One cannot pinpoint the exact amount of life insurance one needs. But there are many methods of arriving at a sound estimate for your coverage requirement. Here are a few ideas to let you start thinking...
This is a very simple and straight forward method. Here we would simply use a multiple of say 10 times and consider the gross, pre-tax income of the person being insured. Assuming a gross income of Rs.15 lakhs yearly, the insurance need would come to be of Rs.1.5 cores or between a range of 1.2 crores to 1.8 crores. The reason we use this is that it normally gives us just enough amount to meet the regular household needs for the family. However, a lot depends on the financial situation of the family/person.
There is another small variation to the universal thumb rule. Here we would consider the number of active earning years remaining, instead of a random number, for the net, post-tax, monthly income instead of the gross income. For example, for a person aged 40, having an in-hand monthly income Rs.100,000 and a retirement age of 60, there would be 20 years of active service left. One can now simply multiply Rs.12 lakhs yearly x 20 times. This will give you a life insurance need of Rs.2.4 crores.
Of course, we can stop here but there are some key parameters ignored here, and we could adjust this figure further to make it more appropriate. One smart way to do that would be to consider the adjusted investment interest rate which is calculated as [ (1+ returns) / (1+ inflation) – 1). This factor will adjust your figure for returns earned on the insurance kitty investment and the inflation over time. The idea is to discount the above figure of 2.4 cores for 20 years with this factor. Assuming 8% returns, 6% inflation, Rs.2.4 crore divided by the adjusted investment interest rate of 1.89% for 20 years [(1+1.89%)^20] would give you a kitty of Rs.1.65 crores which sounds more reasonable.
Under this approach, it is assumed that the policy money will be invested and the income/withdrawals from this investment should be sufficient to finance your expenses over the foreseeable future. Note that in the previous method we will consider the entire net income and here we are only considering a part of it which goes towards financing household expenses.

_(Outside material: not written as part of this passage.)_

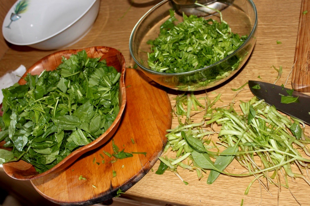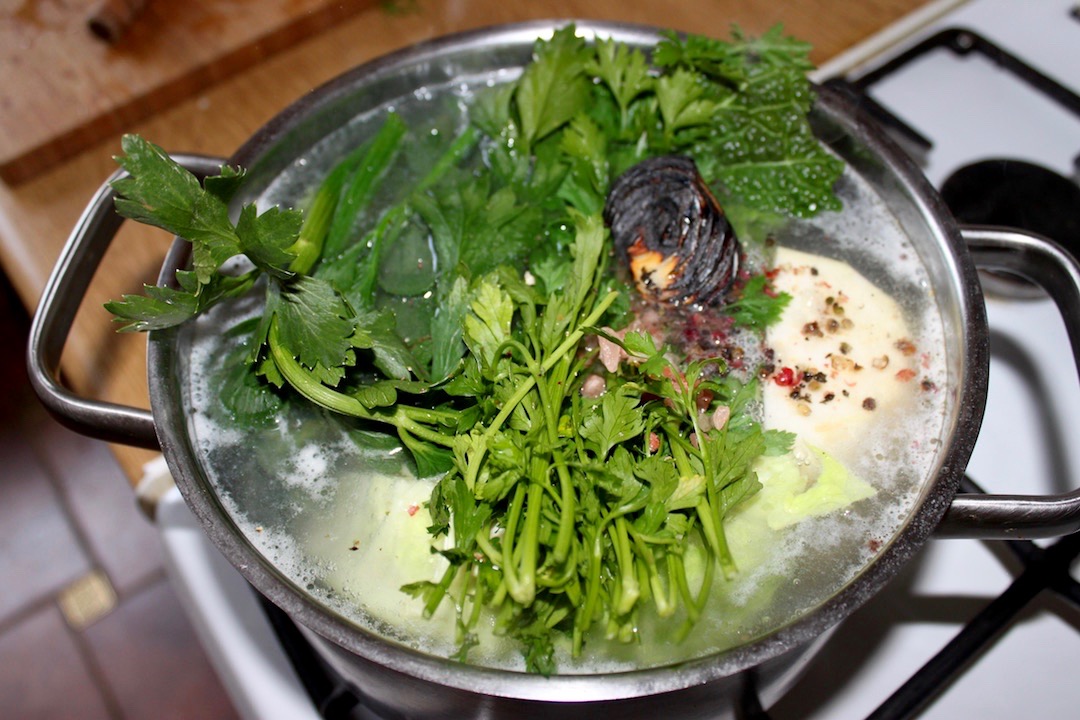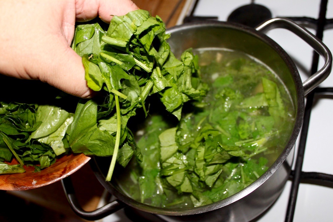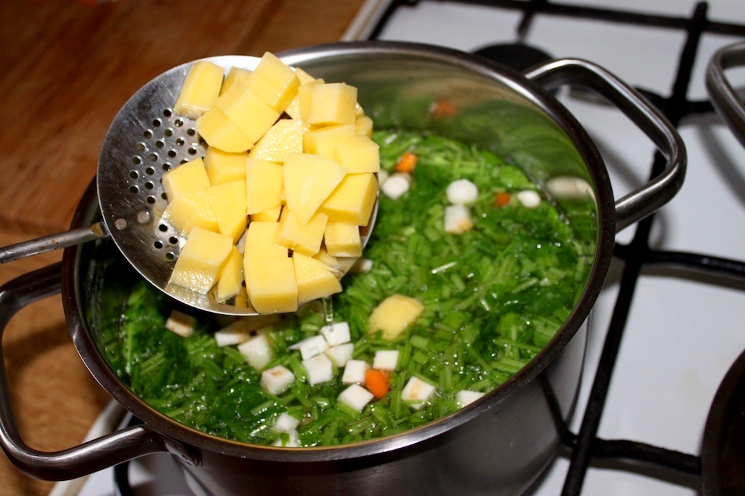 Gotowanie: Do gotującego się wywaru wrzuć najpierw posiekane łodyżki szpinaku i gotuj kilka minut. Następnie dodaj pokrojone w kostkę warzywa korzeniowe oraz ziemniaki. Gotuj, aż warzywa będą prawie miękkie (al dente).
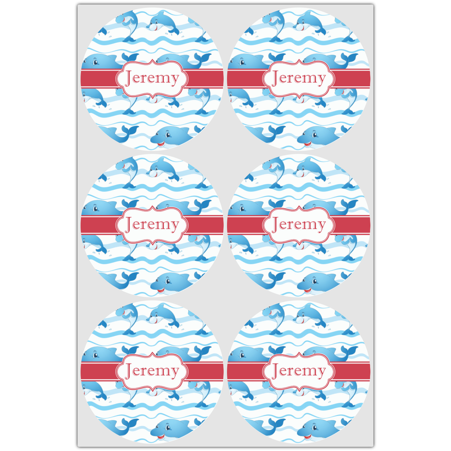 Who doesn't get excited when they see dolphins on the horizons? This design features a bunch of cute, smiling dolphins as they splash through the sea. Use to reminiscence a much missed vacation, or even just to spice up a boring summer day. Personalize by adding your kid's name!

Let us see this with an example. Your monthly expenses are said Rs.50,000 amounting to Rs.6,00,000 yearly. With a withdrawal rate of 4%, the corpus needed would be Rs.1.50 crores (Rs.6,00,000 divided by 4%). The 4% is borrowed from the very popular rule under which people use this 4% to calculate retirement kitty. This can be applied here also. To be on a safer side, the withdrawal rate of 3% would give us Rs.2 crores (Rs.6,00,000 divided by 3%).
This is a more detailed method of calculating the life insurance need. Here we consider all important elements like the earning years remaining, the present net income, the estimated income rise, the present liabilities, and the major financial goals the person is expected to achieve during this lifetime. We present the method here not to tempt you to calculate but to at least help you understand the concept.
Step 1: Calculate the present value of net income: In this step, the present value of all future net cash flows is arrived at. To arrive at the net income, we will consider the adjusted investment interest rate as calculated above. One may consider a growing income here while calculating the figures.
Step 2: Add present values of all future life goals: In this step, the present value of all future goals like child education, purchase of a home, marriage for the girl child, etc., is considered. We need to arrive at this figure by dividing each goal amount with the adjusted investment interest rate for the years remaining.
Step 3: Add all the existing loans/liabilities (less) assets: To the above-calculated figure, we need to add all existing loans/liabilities. This would include all home/car loans, credit card bills, personal loans, etc. This figure will be reduced to the extent of any existing assets that you have so that the life insurance need is reduced to that extend.